Стены бетонные, пол тоже, но залит одной плитой, без линий, образующих клетки. Другими словами, это большая пустая коробка.

Прямо перед ним еще одна дверь, которая, несомненно, ведет в подземный гараж.

Проблема в том, что он не может пересечь двенадцать футов и добраться до следующей двери в один шаг. Чтобы попасть туда, шагая по буквам своего имени, ему нужно сделать несколько шагов в одной пустой клетке.

Каждый шаг – буква. Правила кроссвордов простые и ясные. Одна клетка – одна буква. Нельзя запихивать несколько букв в одну клетку.

Подобный путь ведет к хаосу.

Эта мысль заставляет Рэндола Шестого содрогнуться от страха и отвращения.

Одна клетка – одна буква. Ничто другое не может привнести порядок в мир.

Порог перед ним имеет общую букву «о» с комнатой, лежащей за порогом. Переступив порог, он должен закончить слово, пройдя еще пять клеток-букв: м-н-а-т-а.

Он может добраться до двери напротив в пять шагов. Это не проблема. Но перед ним только одна пустая клетка.

Рэндол стоит у порога этой новой комнаты. Стоит. Стоит у порога. Стоит, думает, ломает голову, ломает голову… Начинает плакать от раздражения.

Глава 77

Стрельба прекратилась, и теперь Карсон смогла более обстоятельно осмотреть квартиру Харкера. Признаки отклонения от нормы выявились сразу.

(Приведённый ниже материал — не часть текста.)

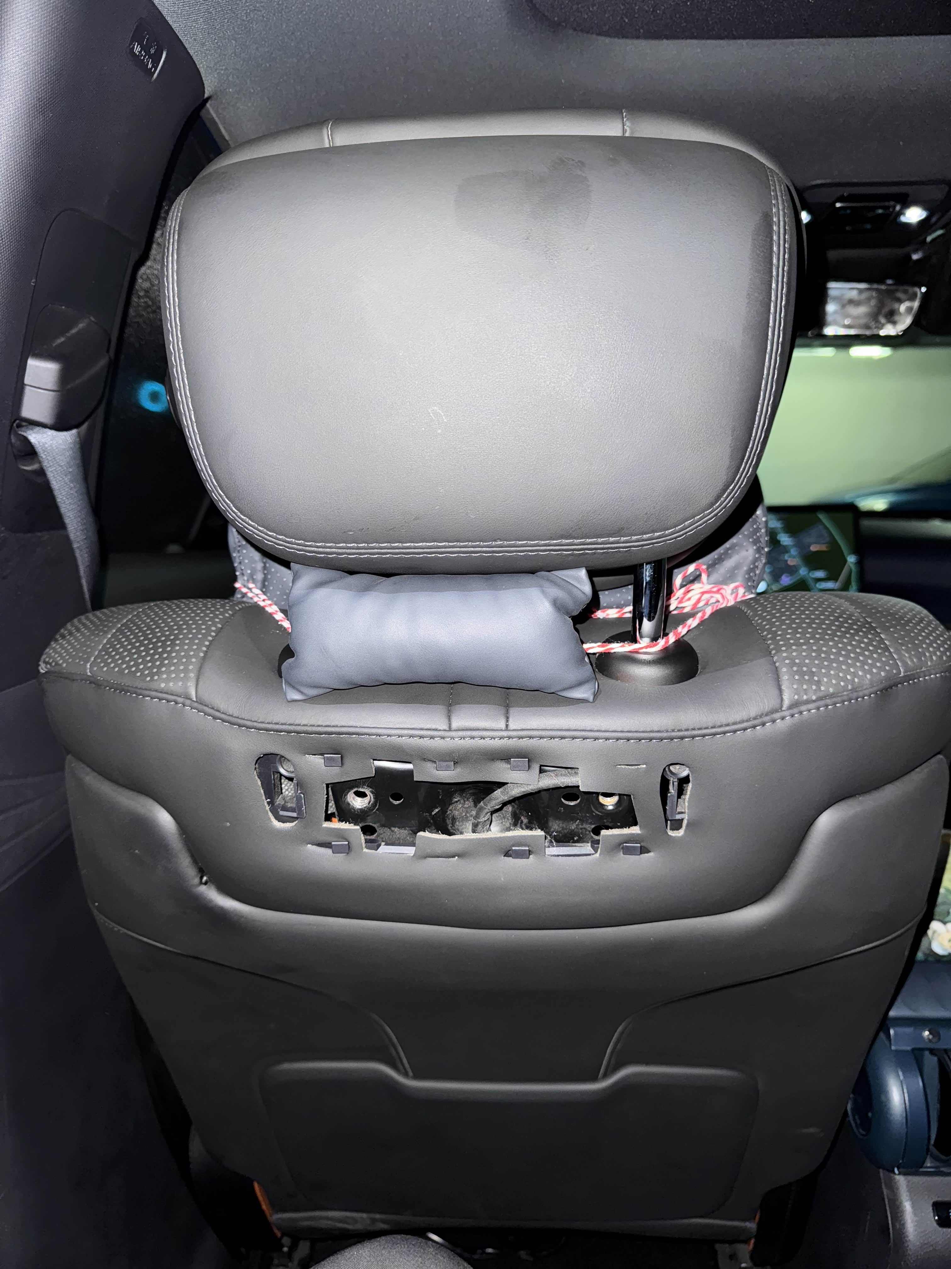 缺点2:原车座椅头枕后面有显示屏组件,拆了显示屏,没有盖板,空着,难看。改天再想办法遮掩一下。

Хотя предметы обстановки отличались стилем друг от друга, не совпадали ни рисунок, ни цвета обивочных материалов, это могло указывать лишь на отсутствие у Харкера хорошего вкуса.

Мебели в гостиной существенно больше, чем у Оллвайна, там стояло лишь одно кресло с обивкой из черного винила, но ее так мало, что гостиная выглядит кельей. С другой стороны, минимализм – стиль, которому отдают предпочтение многие люди в здравом уме.

Отсутствие произведений искусства на стенах, отсутствие безделушек и сувениров, нежелание приукрасить жизненное пространство, по мнению Карсон, роднило эту квартиру с той, где жил Оллвайн.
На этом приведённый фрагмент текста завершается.